MLX — the Mac-native path
Apple's MLX framework exists because NVIDIA's CUDA stack doesn't run on Apple Silicon. But the absence is also an opportunity — Macs have a secret weapon that data center GPUs don't: unified memory. The CPU and GPU share the same physical memory. No CPU↔GPU transfers, no PCIe bottleneck, no “copy the model into VRAM” step.
On an M3 Max with 64 GB unified memory, a 30B model with 4-bit quantization fits entirely in “GPU memory” — because all memory is GPU memory. A data center A100 with 80 GB of HBM has more raw bandwidth but not as much memory, and it costs ~$10k. A MacBook Pro costs ~$4k and can serve a 70B Q4 model at useful tokens/sec.
MLX was released in December 2023 by Awni Hannun and the Apple ML Research team as a deliberately NumPy-ish array library — if you can write mx.matmul(a, b) you can write MLX — with a PyTorch-style nnmodule layered on top. The decode story is dominated by memory bandwidth, not FLOPs, so the interesting comparison isn't TFLOPs but the roofline: an M3 Max at ~400 GB/s and an M2/M3 Ultra at ~800 GB/s sit in the same zone as a consumer RTX 4090 (~1008 GB/s), which is why a 70B Q4 model on an Ultra actually streams tokens at a human-readable pace instead of lurching. No other laptop architecture — not a Threadripper workstation, not a gaming laptop with a mobile 4090 capped at 8 GB VRAM — can load the weights at all, let alone stream them.
# Install pip install mlx-lm # Convert a HuggingFace model to MLX 4-bit python -m mlx_lm.convert \ --hf-path Qwen/Qwen3-4B-Instruct \ --quantize --q-bits 4 \ --mlx-path ./mlx-qwen3-4b # Chat with it python -m mlx_lm.generate \ --model ./mlx-qwen3-4b \ --prompt "What is GQA?" \ --max-tokens 200 # Serve an OpenAI-compatible HTTP endpoint python -m mlx_lm.server \ --model ./mlx-qwen3-4b \ --port 8080 # Fine-tune with LoRA on your own data python -m mlx_lm.lora \ --model ./mlx-qwen3-4b \ --train --data ./data.jsonl \ --iters 1000
Why MLX beats llama.cpp on Apple Silicon
llama.cpp has a Metal backend and runs fine on Apple Silicon. MLX is usually 20–40% faster for the same model at the same quantization. The reasons:
- Metal kernels hand-tuned by Apple's ML team for the specific matrix units on each chip generation.

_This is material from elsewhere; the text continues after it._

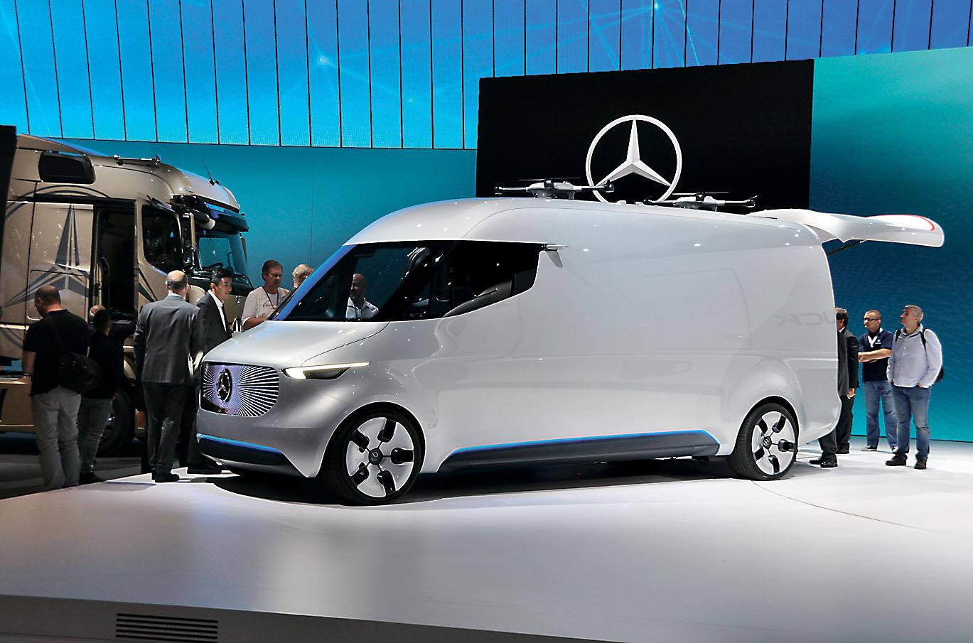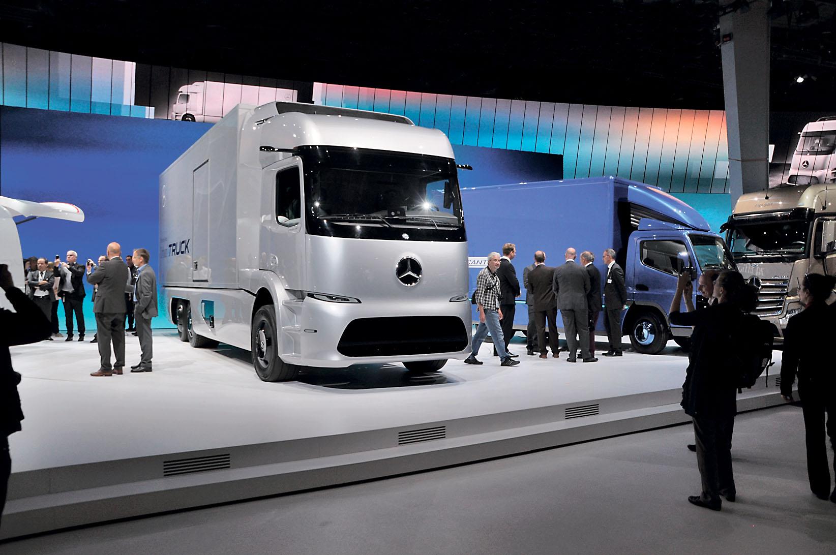Главными героями штутгартской компании стали машины ближайшего и не очень будущего. Верится с трудом, что концептуальный Vision Van с его полностью автоматизированным грузовым отсеком и двумя, способными поднимать двухкилограммовые предметы дронами скоро превратится в серийный продукт. В этом плане гораздо больше перспектив у среднетоннажного Urban eTruck. Этот грузовик с электродвигателями суммарной мощностью 250 кВт и запасом хода на одной зарядке в 200 км уже сейчас проходит ходовые испытания, и, по заявлениям представителей немецкой фирмы, должен встать на конвейер уже в 2018 году. Так что рассчитывать на титул грузовика года ему пока рановато.
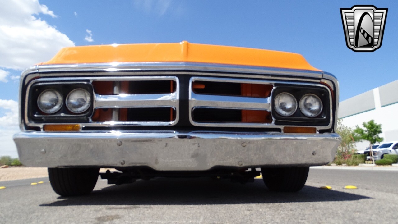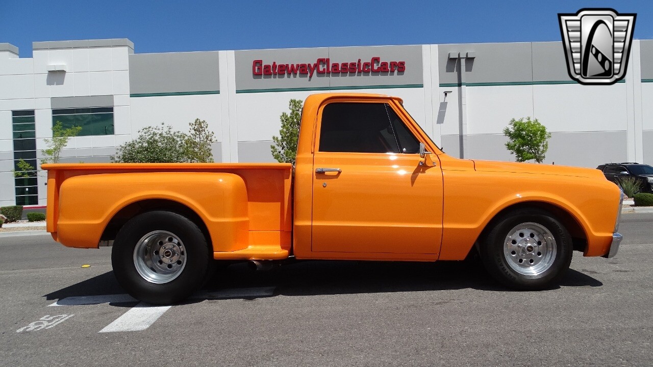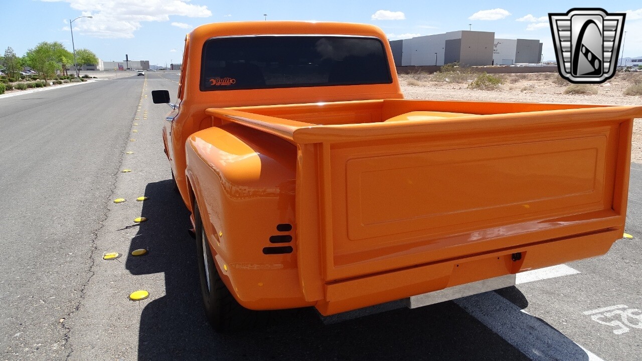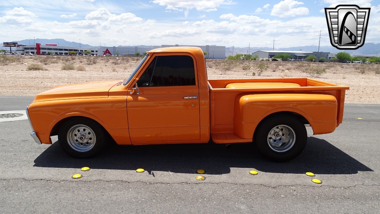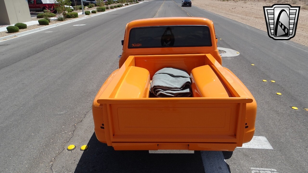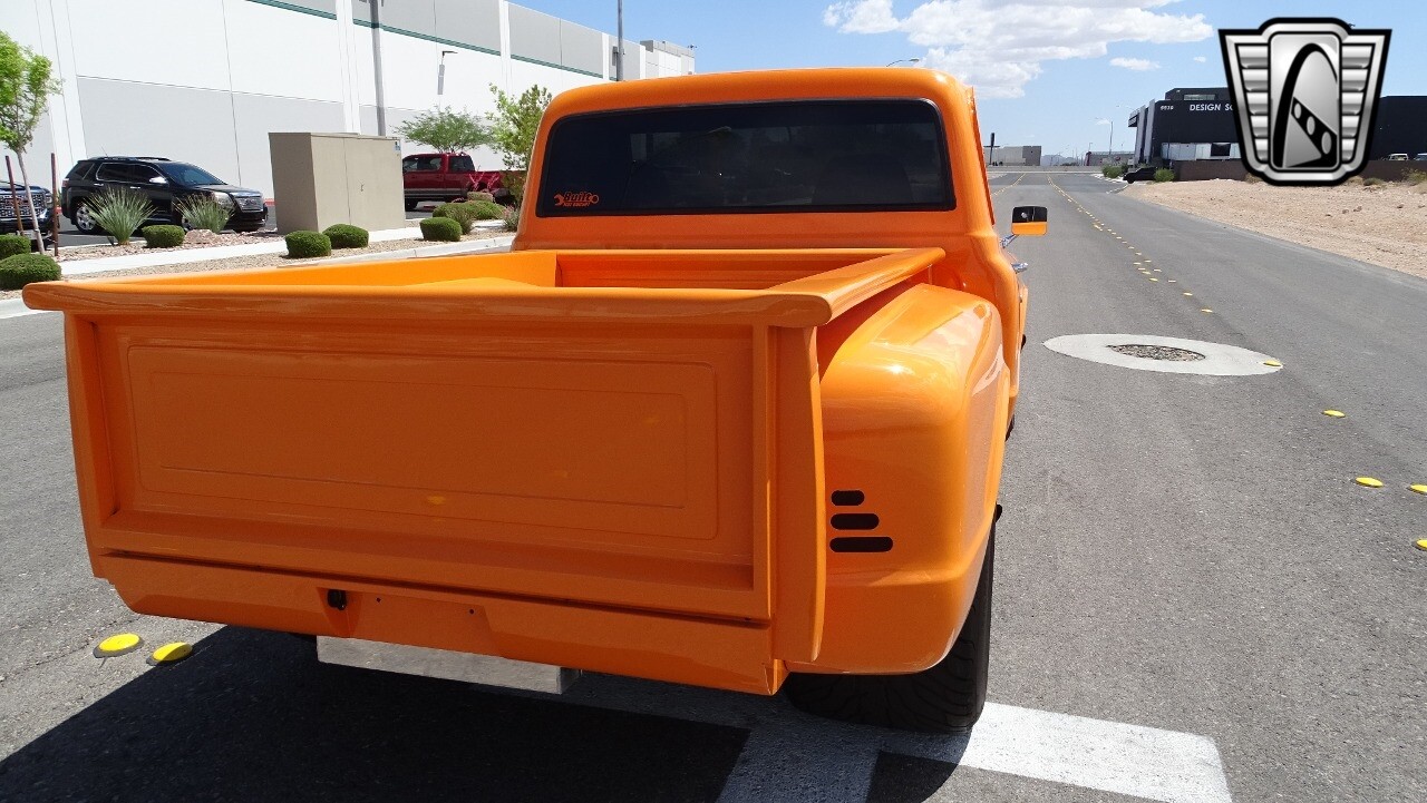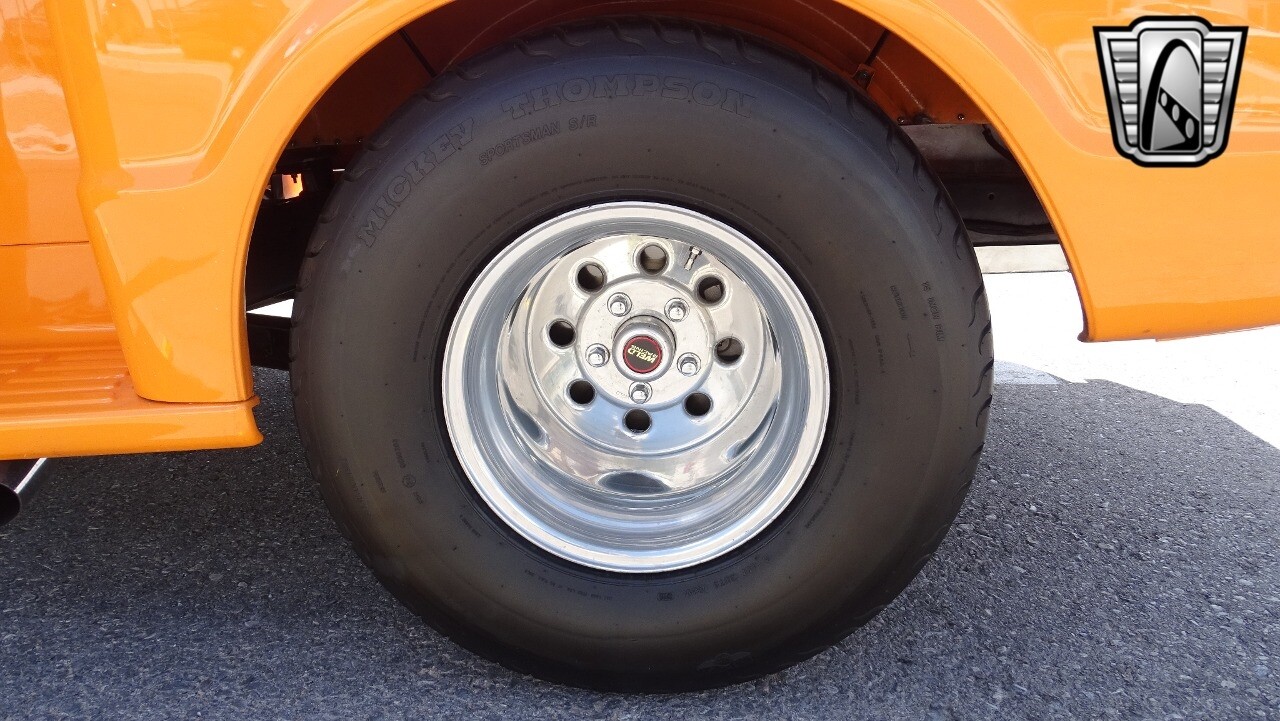 Gateway Classic Cars of Las Vegas is proud to digitally present this 1971 GMC C1500 Short bed Pickup. [ omitted ]. Walking around this pre-street '71 one should notice the Mercedes Orange gloss paint that is offset with black accent trim. Adding to the curb appeal are chrome bumpers, chrome mirrors, chrome handles, dual side exhaust, tinted windows, side steps, short-bed, light tan wood bed kit, 1-piece molded bed, frenched in taillights, fuel cell located in the bed, and even an aggressive mini-tubbed stance with rear air bags, and 15" Weld Racing rims wrapped in Mickey Thompson radial tires. Jumping into the cab of this recently restored piece of GM history, you instantly see the exterior theme was carried inside to match. Sporting a custom black leather bench seat with orange inserts, orange stitching, matching dash pad, matching custom orange/black door panels, chrome accent trim, tilt steering wheel, aftermarket Auto-Meter Pro Comp gauges, White Hurst shifter on the floor, upgraded sound system with Pioneer head unit and Rockford Fosgate speakers, and even a MSD ignition setup. Powering this beast is a 383 CID V8 engine that is mated to a performance built 4-speed manual transmission. The owner states that the engine was rebuilt less than 1,000 miles ago and has provided a dyno report from ATK High Performance Engines. The report shows this truck is capable of 500 HP/505 FT TQ, prefers 91 plus octane, and is ready to run! Pushing this power to the ground is a Ford 9" Rear with 3.70 gears. Under the hood is organized and shows upgrades that include dual electric cooling fans, aluminum Edelbrock intake, 1 Inch Headman headers, ATK HP Heads, Weiland action long pump water pump, Quick Fuel 750CFM Carburetor, and so on! This truck also provides ease of power steering and power brakes. The owner provided a complete breakdown of the engine specs, receipts from other items purchased for this build, and even the dyno report. If you are looking for a built beast that needs nothing but a new owner, this could be the one you have been searching for!.

- Unified memory allocation hints — MLX arrays are allocated with the right alignment for the Neural Engine on M5+.
- Lazy evaluation — MLX builds a compute graph before launching kernels, allowing fusion and scheduling optimizations that per-operation interpreted frameworks can't do.
The tradeoff: MLX is Apple-only. On Linux or Windows, llama.cpp and Ollama are still your path.